(Beginning of Provided data)
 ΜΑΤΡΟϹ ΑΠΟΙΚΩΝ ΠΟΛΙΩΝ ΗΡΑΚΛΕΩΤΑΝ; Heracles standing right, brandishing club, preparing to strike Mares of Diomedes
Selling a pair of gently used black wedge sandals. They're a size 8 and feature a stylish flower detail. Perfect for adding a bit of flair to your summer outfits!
(End of Provided data)
(Beginning of Provided data)
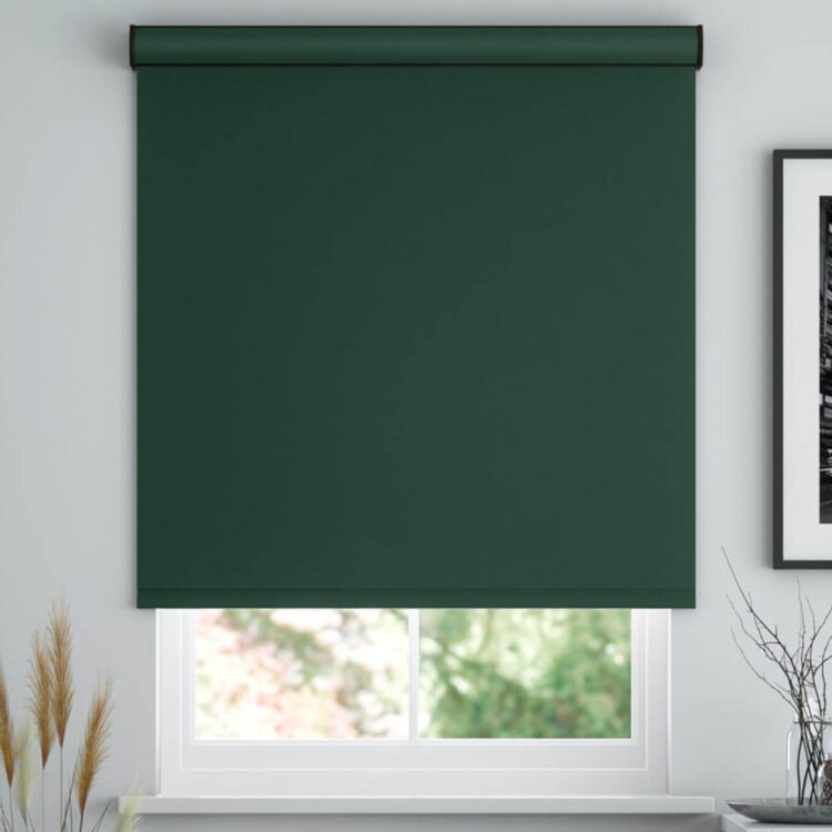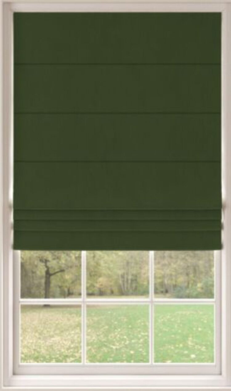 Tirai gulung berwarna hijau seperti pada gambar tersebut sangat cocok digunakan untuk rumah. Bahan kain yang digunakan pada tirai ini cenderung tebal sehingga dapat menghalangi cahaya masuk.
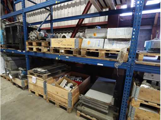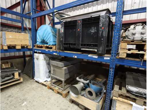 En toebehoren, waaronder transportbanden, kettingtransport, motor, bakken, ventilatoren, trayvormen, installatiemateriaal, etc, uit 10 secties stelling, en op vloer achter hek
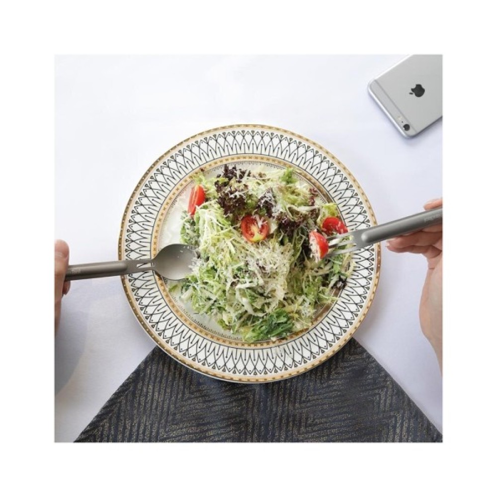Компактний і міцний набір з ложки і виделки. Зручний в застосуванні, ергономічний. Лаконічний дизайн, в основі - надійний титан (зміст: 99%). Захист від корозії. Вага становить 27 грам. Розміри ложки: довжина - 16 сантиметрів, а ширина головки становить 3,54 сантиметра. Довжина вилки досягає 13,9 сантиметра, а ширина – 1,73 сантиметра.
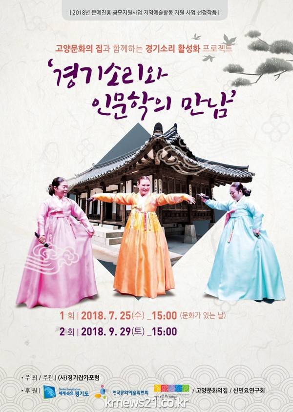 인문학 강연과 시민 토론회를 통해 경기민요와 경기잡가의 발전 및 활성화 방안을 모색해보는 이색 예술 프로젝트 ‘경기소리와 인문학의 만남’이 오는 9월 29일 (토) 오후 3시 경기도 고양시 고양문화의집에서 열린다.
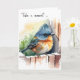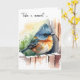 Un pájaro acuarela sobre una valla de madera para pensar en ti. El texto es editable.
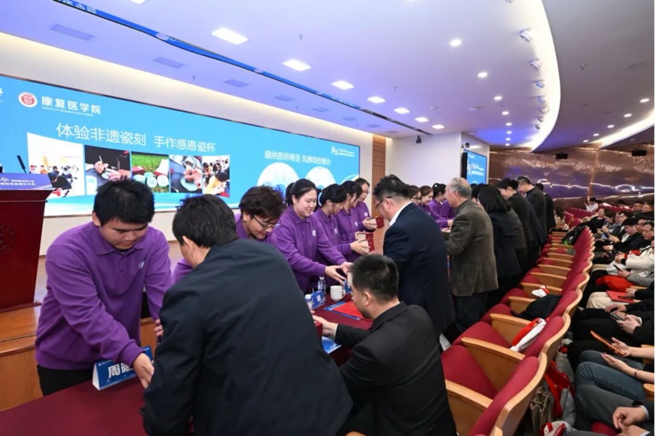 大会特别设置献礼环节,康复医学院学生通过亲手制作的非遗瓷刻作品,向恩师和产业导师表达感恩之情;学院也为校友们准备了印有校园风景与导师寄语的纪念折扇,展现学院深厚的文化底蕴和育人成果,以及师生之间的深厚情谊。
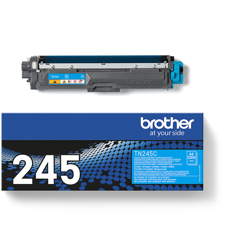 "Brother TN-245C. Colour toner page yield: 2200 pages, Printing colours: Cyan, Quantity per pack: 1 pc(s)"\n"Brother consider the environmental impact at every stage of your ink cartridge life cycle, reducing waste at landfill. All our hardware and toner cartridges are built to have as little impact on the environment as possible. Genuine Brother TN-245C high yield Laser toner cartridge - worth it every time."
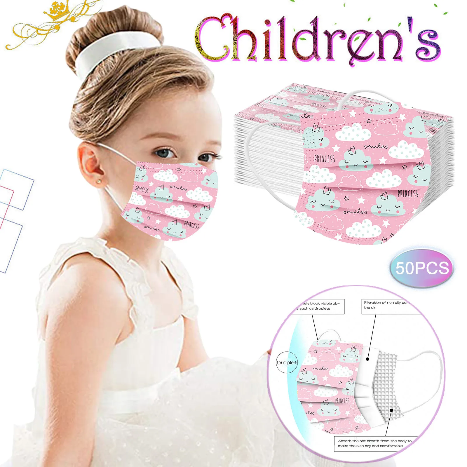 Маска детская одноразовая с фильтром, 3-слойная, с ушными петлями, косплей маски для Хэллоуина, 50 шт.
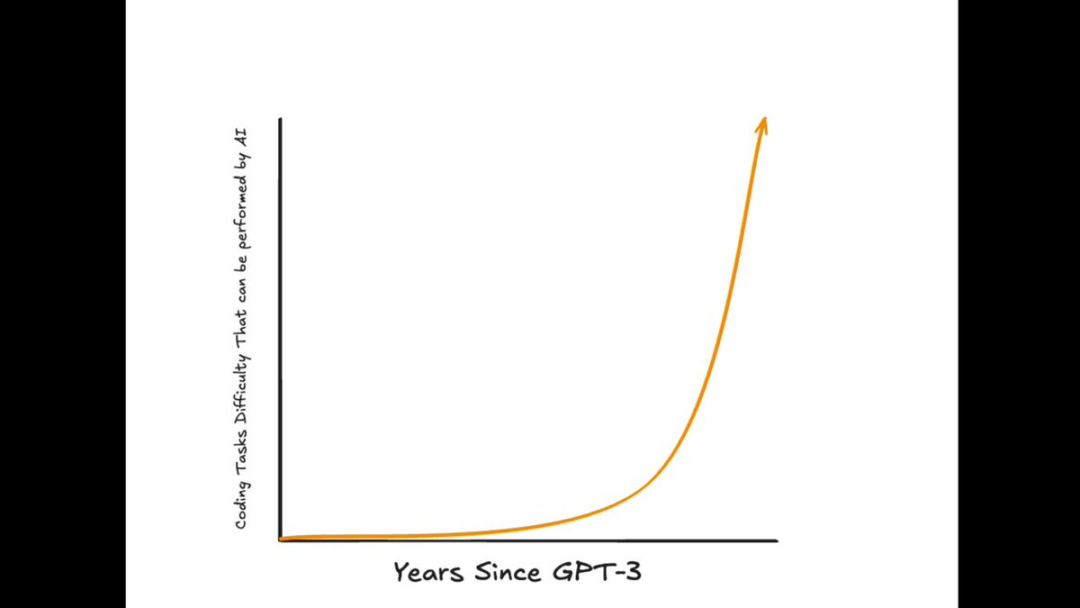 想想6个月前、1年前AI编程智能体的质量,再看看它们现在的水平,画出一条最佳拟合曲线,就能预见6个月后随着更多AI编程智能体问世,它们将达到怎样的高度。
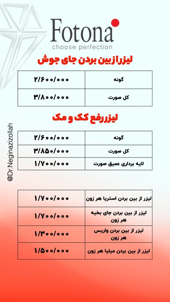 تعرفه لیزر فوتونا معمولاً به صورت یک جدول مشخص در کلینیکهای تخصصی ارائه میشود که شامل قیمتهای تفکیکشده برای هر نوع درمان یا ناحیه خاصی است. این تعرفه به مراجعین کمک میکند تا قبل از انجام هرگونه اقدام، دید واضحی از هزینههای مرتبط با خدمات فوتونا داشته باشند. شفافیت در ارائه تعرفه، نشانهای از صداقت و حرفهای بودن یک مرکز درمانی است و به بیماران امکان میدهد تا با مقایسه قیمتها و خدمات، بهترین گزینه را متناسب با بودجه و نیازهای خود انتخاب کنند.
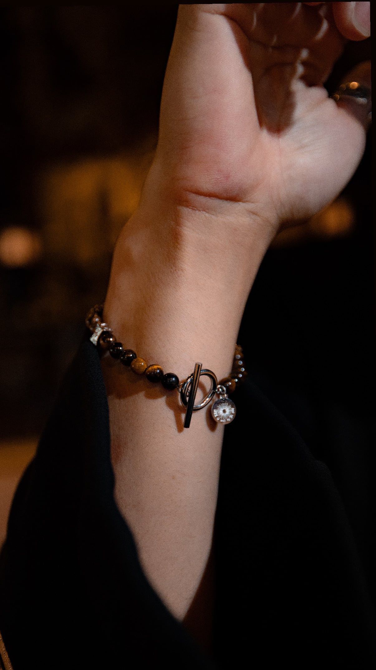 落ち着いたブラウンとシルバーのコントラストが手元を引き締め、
(End of Provided data)
(Beginning of Provided data)
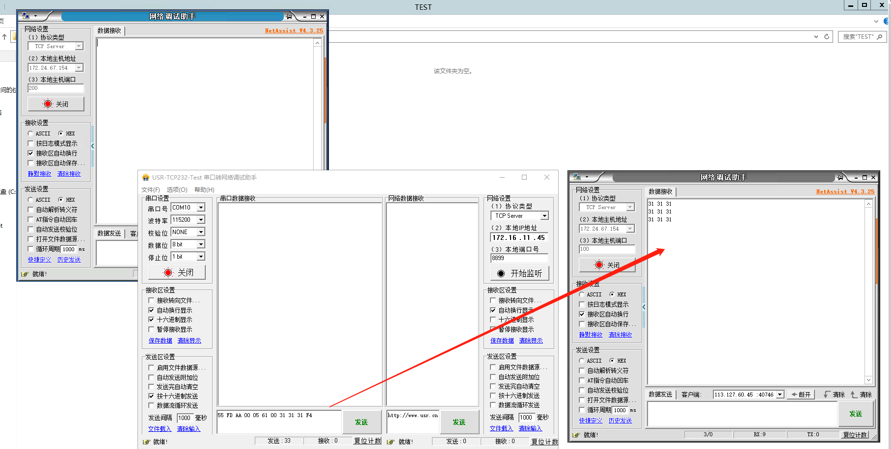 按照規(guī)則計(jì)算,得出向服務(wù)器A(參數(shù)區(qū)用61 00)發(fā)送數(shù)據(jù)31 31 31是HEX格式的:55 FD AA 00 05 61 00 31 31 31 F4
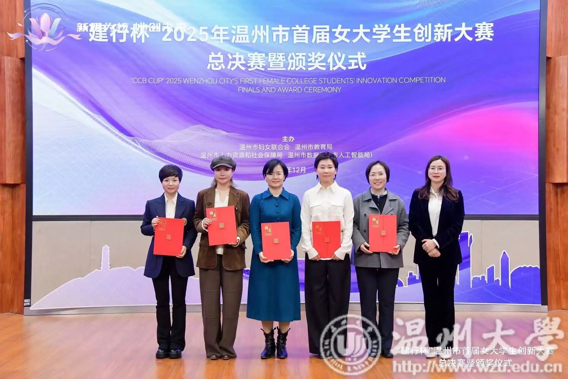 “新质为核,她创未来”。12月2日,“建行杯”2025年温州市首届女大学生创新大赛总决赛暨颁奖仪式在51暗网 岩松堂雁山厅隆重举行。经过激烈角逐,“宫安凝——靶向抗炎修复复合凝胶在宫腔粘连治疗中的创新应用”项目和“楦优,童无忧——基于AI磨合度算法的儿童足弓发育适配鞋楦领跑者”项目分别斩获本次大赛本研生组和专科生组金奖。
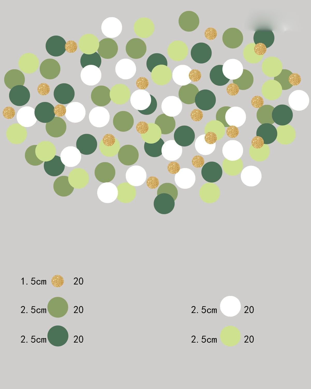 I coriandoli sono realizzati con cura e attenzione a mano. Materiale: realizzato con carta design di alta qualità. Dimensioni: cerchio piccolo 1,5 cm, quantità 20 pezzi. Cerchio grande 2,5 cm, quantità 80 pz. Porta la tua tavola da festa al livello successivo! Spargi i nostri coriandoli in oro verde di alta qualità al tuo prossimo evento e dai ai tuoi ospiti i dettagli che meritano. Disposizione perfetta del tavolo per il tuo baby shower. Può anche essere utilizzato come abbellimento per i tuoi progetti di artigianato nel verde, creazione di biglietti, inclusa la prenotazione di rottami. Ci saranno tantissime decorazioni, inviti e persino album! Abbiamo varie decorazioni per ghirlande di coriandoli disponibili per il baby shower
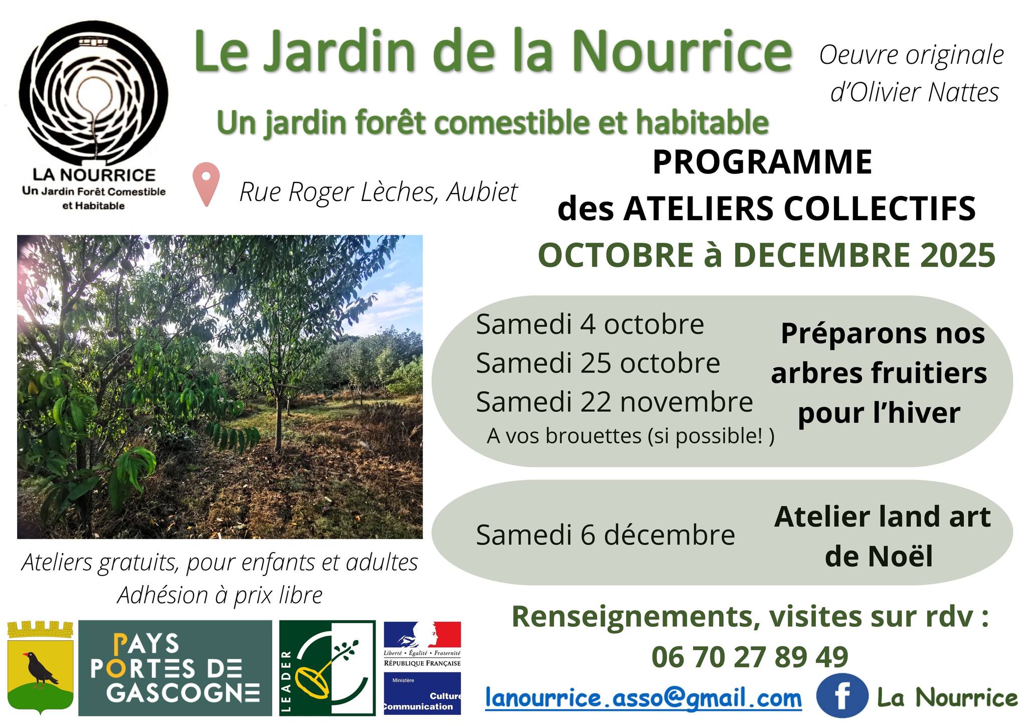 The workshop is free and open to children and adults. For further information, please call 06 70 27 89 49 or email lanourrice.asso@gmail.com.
(End of Provided data)
> Work item:
Go back to the listing above and write out the lines starting at the one with "Маска детская одноразовая" and ending at the one with "落ち着いたブラウンとシルバーのコントラストが手元を引き締め、", inclusive, exactly and without pictures.

> The completed task:
 Маска детская одноразовая с фильтром, 3-слойная, с ушными петлями, косплей маски для Хэллоуина, 50 шт.
 想想6个月前、1年前AI编程智能体的质量,再看看它们现在的水平,画出一条最佳拟合曲线,就能预见6个月后随着更多AI编程智能体问世,它们将达到怎样的高度。
 تعرفه لیزر فوتونا معمولاً به صورت یک جدول مشخص در کلینیکهای تخصصی ارائه میشود که شامل قیمتهای تفکیکشده برای هر نوع درمان یا ناحیه خاصی است. این تعرفه به مراجعین کمک میکند تا قبل از انجام هرگونه اقدام، دید واضحی از هزینههای مرتبط با خدمات فوتونا داشته باشند. شفافیت در ارائه تعرفه، نشانهای از صداقت و حرفهای بودن یک مرکز درمانی است و به بیماران امکان میدهد تا با مقایسه قیمتها و خدمات، بهترین گزینه را متناسب با بودجه و نیازهای خود انتخاب کنند.
 落ち着いたブラウンとシルバーのコントラストが手元を引き締め、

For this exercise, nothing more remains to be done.